In these rich, evocative, stories that are as packed with meaning as a novel, Munro revels in the ordinary: her own time and place. She writes about soldiers returning home after World War II (“Train”). She writes about the closing of factories and shifts in the class system (“Pride). She shows us the perfect post-war wife – rigid in housekeeping, wanton in bed (“Haven”). She writes about the sexual revolution and its effect on children (“To Reach Japan”). She writes about drugs, divorce, the fragility of the family, and growing old.  

Munro’s characters are never totally worthy. Some are selfish (the mothers in “To Reach Japan” and “Gravel”). Some are exploitative (the gigolo in “Corrie”). Some can’t bond (the narrator in “Train”). Some are irresponsible (Neal in “Gravel”). Munro seems to understand the condition of being broken, and the need to forgive. Even ourselves.  

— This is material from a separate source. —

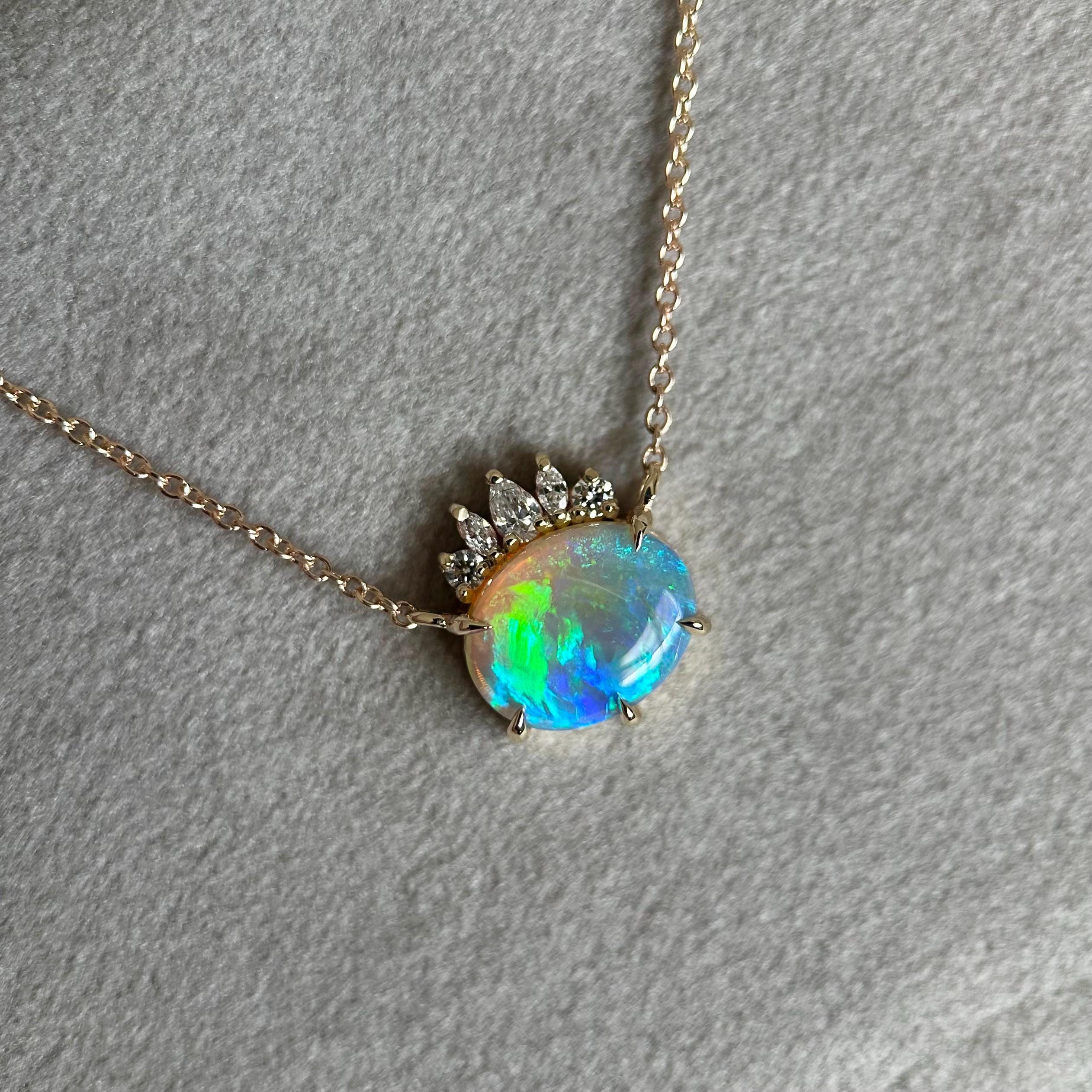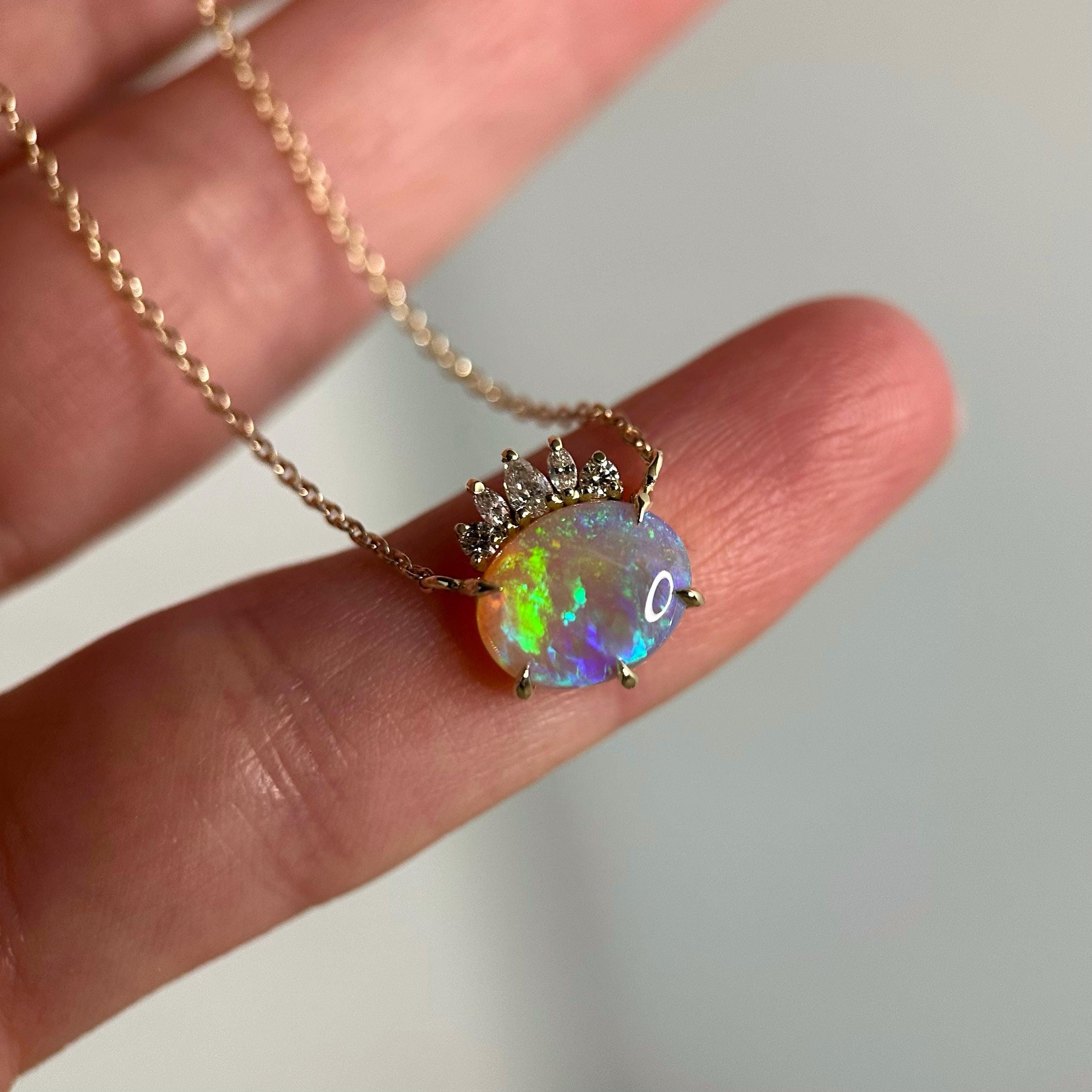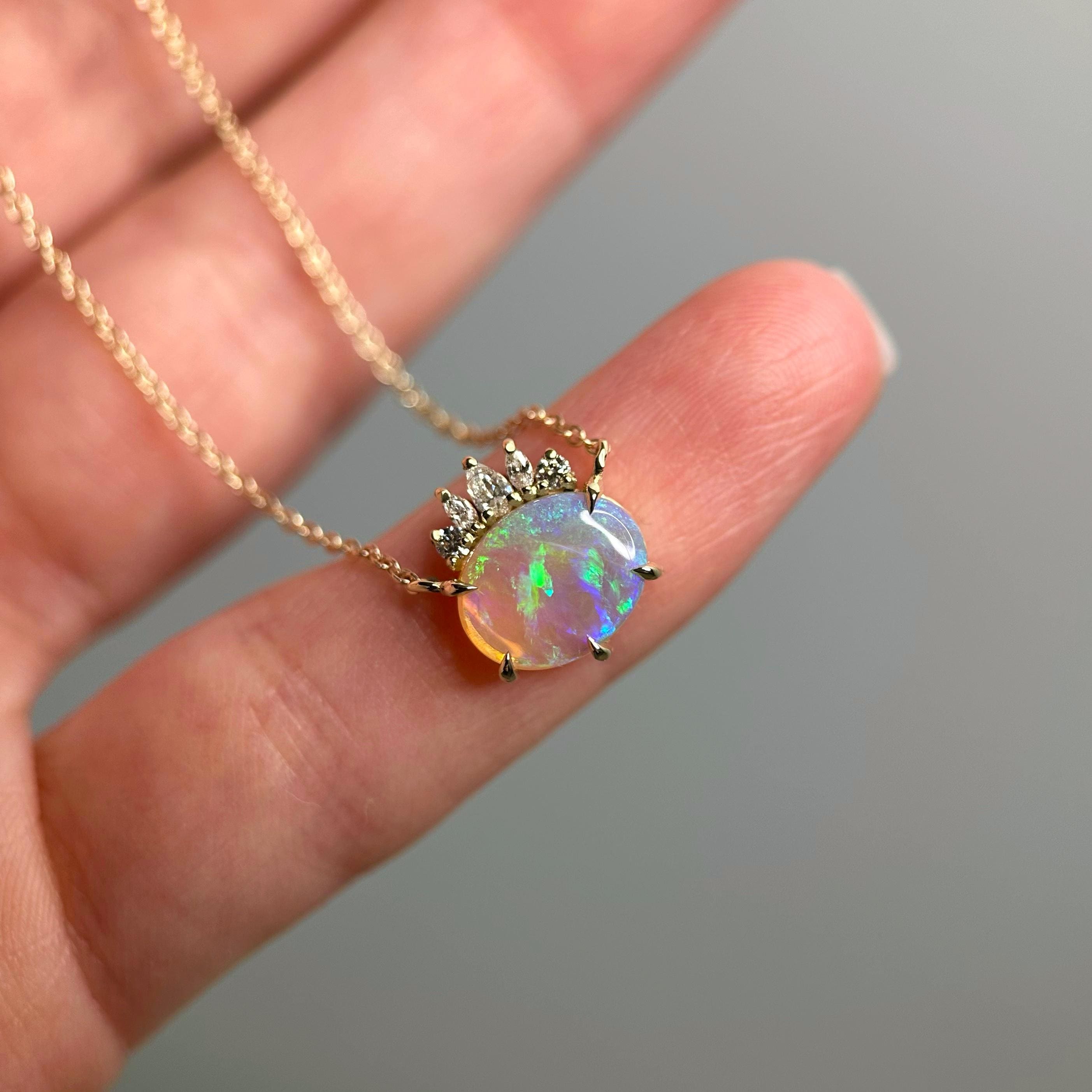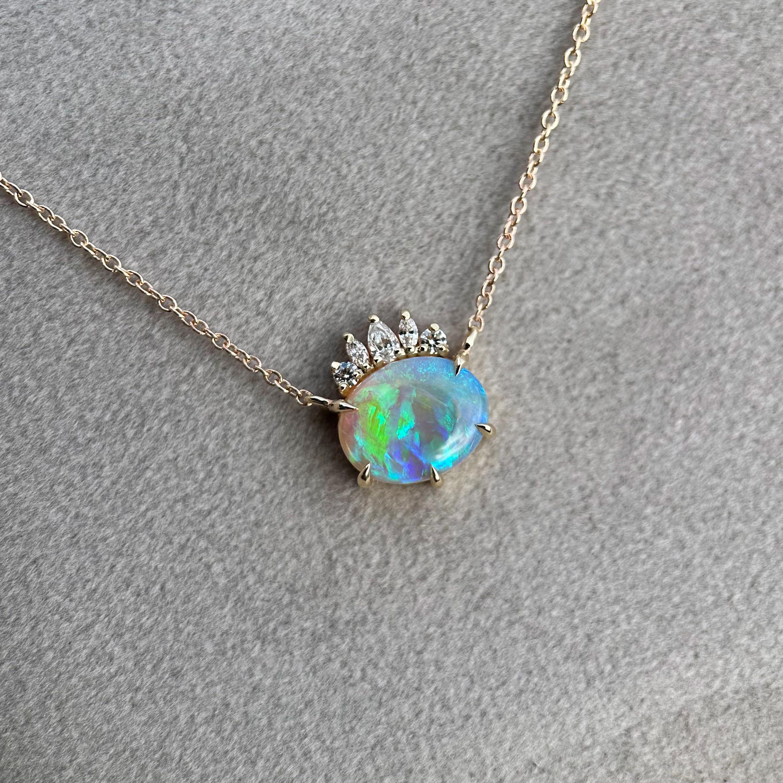 14K Yellow gold necklace with Australian Opal and Diamonds

At the end of the last not-quite story, “Dear Life,” Munro confesses guilt for not returning home for her mother’s last illness or funeral. She writes, “We could barely have afforded the trip, and my husband had a contempt for formal behavior, but why blame it on him? I felt the same. We say of some things that they can’t be forgiven, or that we will never forgive ourselves. But we do – we do it all the time.”  

These are the closing words in the closing book of a long, distinguished, Nobel Prize winning career. The ten stories and four almost-stories are told as only Munro could tell them. They are a celebration of dear life and an affirmation of our common humanity.